On 2021-03-30 03:40 +0800, Xi Ruoyao wrote:
On 2021-03-29 21:36 +0200, Christian König wrote:
Am 29.03.21 um 21:27 schrieb Xi Ruoyao:
Hi Christian,
I don't think there is any constraint implemented to ensure `num_entries % AMDGPU_GPU_PAGES_IN_CPU_PAGE == 0`. For example, in `amdgpu_vm_bo_map()`:
/* validate the parameters */ if (saddr & AMDGPU_GPU_PAGE_MASK || offset & AMDGPU_GPU_PAGE_MASK
size == 0 || size & AMDGPU_GPU_PAGE_MASK) return -EINVAL;
/* snip */
saddr /= AMDGPU_GPU_PAGE_SIZE; eaddr /= AMDGPU_GPU_PAGE_SIZE;
/* snip */
mapping->start = saddr; mapping->last = eaddr;
If we really want to ensure (mapping->last - mapping->start + 1) % AMDGPU_GPU_PAGES_IN_CPU_PAGE == 0, then we should replace "AMDGPU_GPU_PAGE_MASK" in "validate the parameters" with "PAGE_MASK".

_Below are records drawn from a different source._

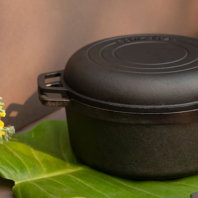 E lembrando que você pode utilizar suas duas partes juntas (tampa e caçarola de ferro), como forno holandês, ou separadamente, com a tampa como frigideira ou paella por exemplo, a caçarola como uma versátil, multifuncional e clássica panela de ferro. Não é o máximo?! E tem mais, não podemos deixar de mencionar que a Caçarola Duo conta com acabamento revestido com óleo 100% vegetal, por meio de um processo natural, livre de química, o que contribui para o cuidado com a sua saúde além de ser mais sustentável.
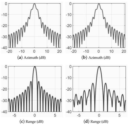 Performance evaluation of point target in Figure 3: (a) azimuth section of point target by traditional method; (b) azimuth section of point target after reconstruction; (c) range section of point target by traditional method; (d) range section of point target after reconstruction.
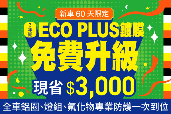 •優惠內容: 施作「ECO PLUS 高效節能鑽石鍍膜」,免費贈送豪華升級套餐(價值 $3,000)。
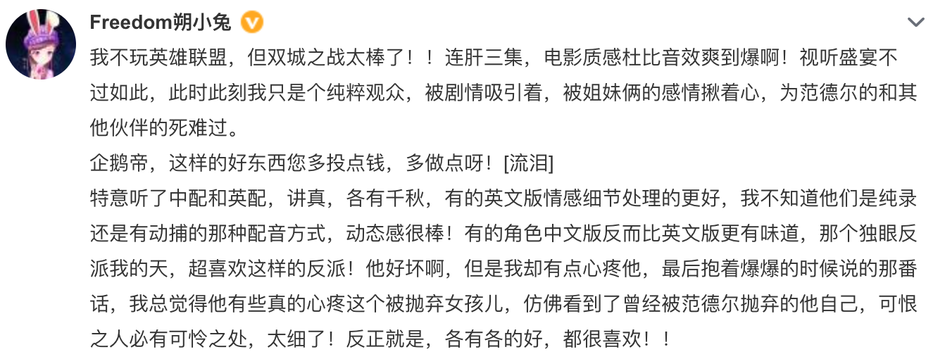 同时,《英雄联盟:双城之战》的中文配音表现的也非常优秀,可以说是国内动画配音的第一梯队。
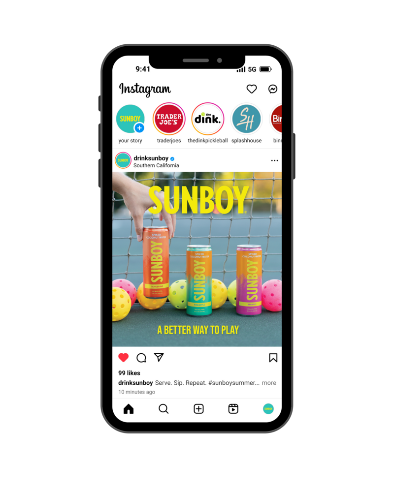 SUNBOY is all about easygoing fun, so we created a campaign that brings that spirit to the court. We produced a playful social video, lifestyle-focused photography, and a three-part Instagram series designed to highlight SUNBOY as the drink for casual hangs and spontaneous plans. The campaign blends style, movement, and a touch of nostalgia to show that post-match refreshment can look (and taste) like sunshine.
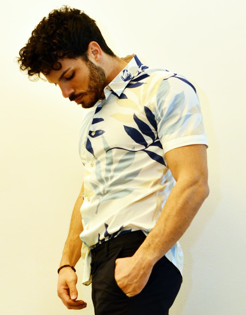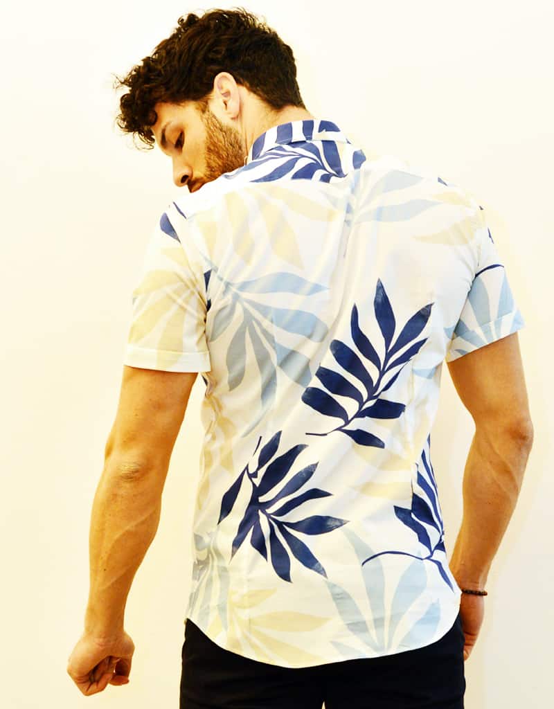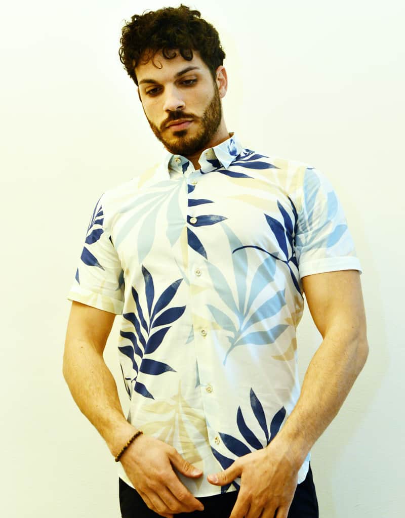 Camiciotto in cotone con fantasia blu azzurro e sabbia e disegni di fiori stilizzati
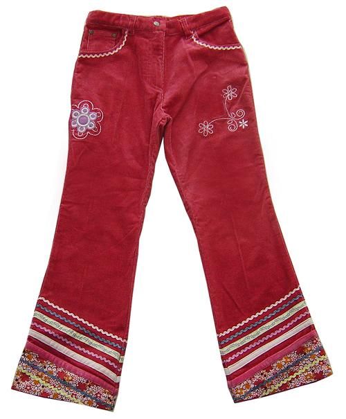 Detalles: Cintura ajustable, aplicaciones en bolsillos delanteros y perneras, cinta tejida + cinta de terciopelo multicolor + popelina estampada, bordados
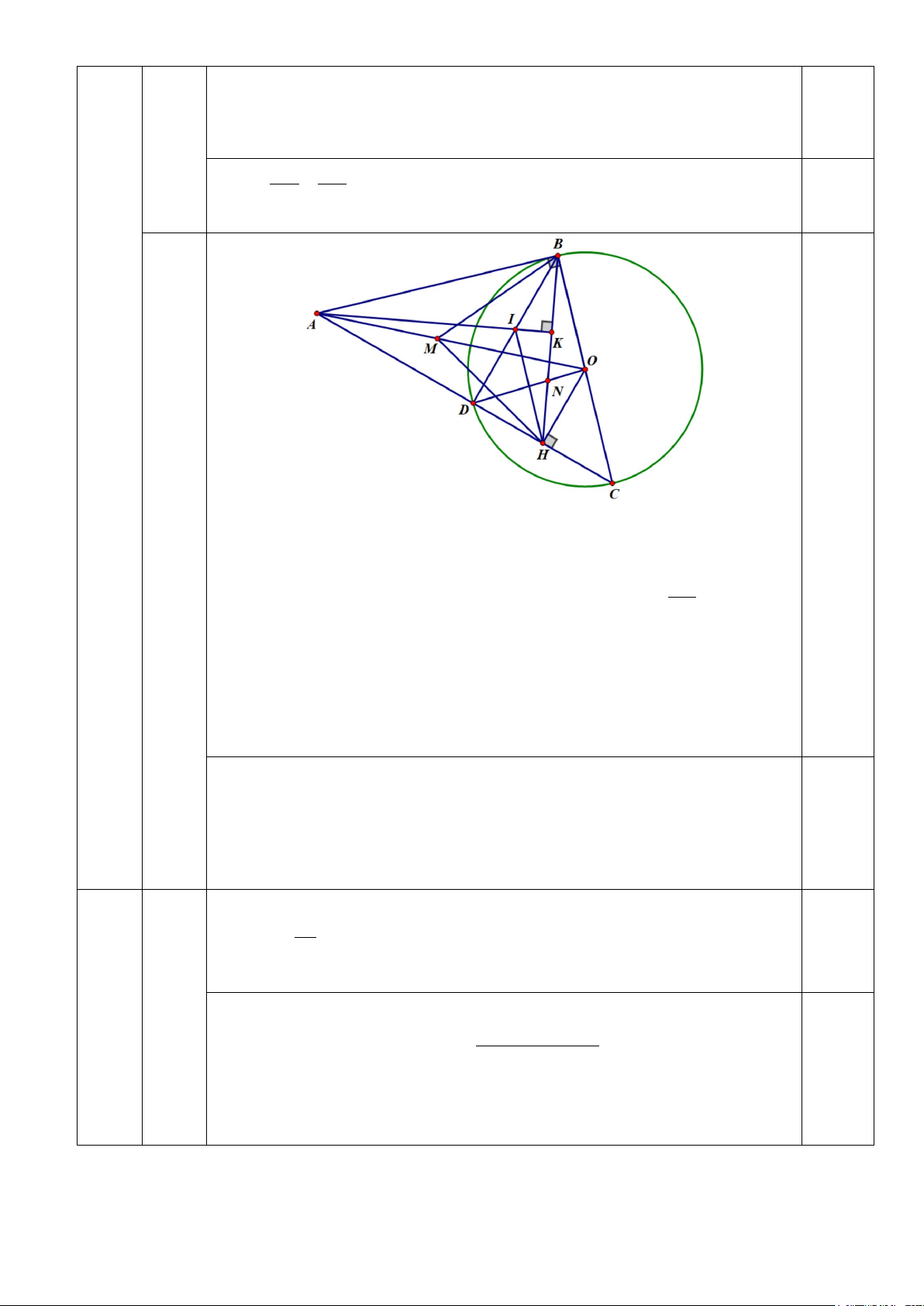 điểm) Vì AB là tiếp tuyến của (O) nên AB ⊥ OB . Suy ra ABO=90° 0,5 Do đó AB ∆ O vuông tại B. AB ∆

It should be "~PAGE_MASK", "PAGE_MASK" has an opposite convention of "AMDGPU_GPU_PAGE_MASK" :(.
Yeah, good point.
I tried it and it broke userspace: Xorg startup fails with EINVAL with this change.
Well in theory it is possible that we always fill the GPUVM on a 4k basis while the native page size of the CPU is larger. Let me double check the code.
On my platform, there are two issues both causing the VM corruption. One is fixed by agd5f/linux@fe001e7. Another is in Mesa from userspace: it uses `dev_info->gart_page_size` as the alignment, but the kernel AMDGPU driver expects it to use `dev_info->virtual_address_alignment`.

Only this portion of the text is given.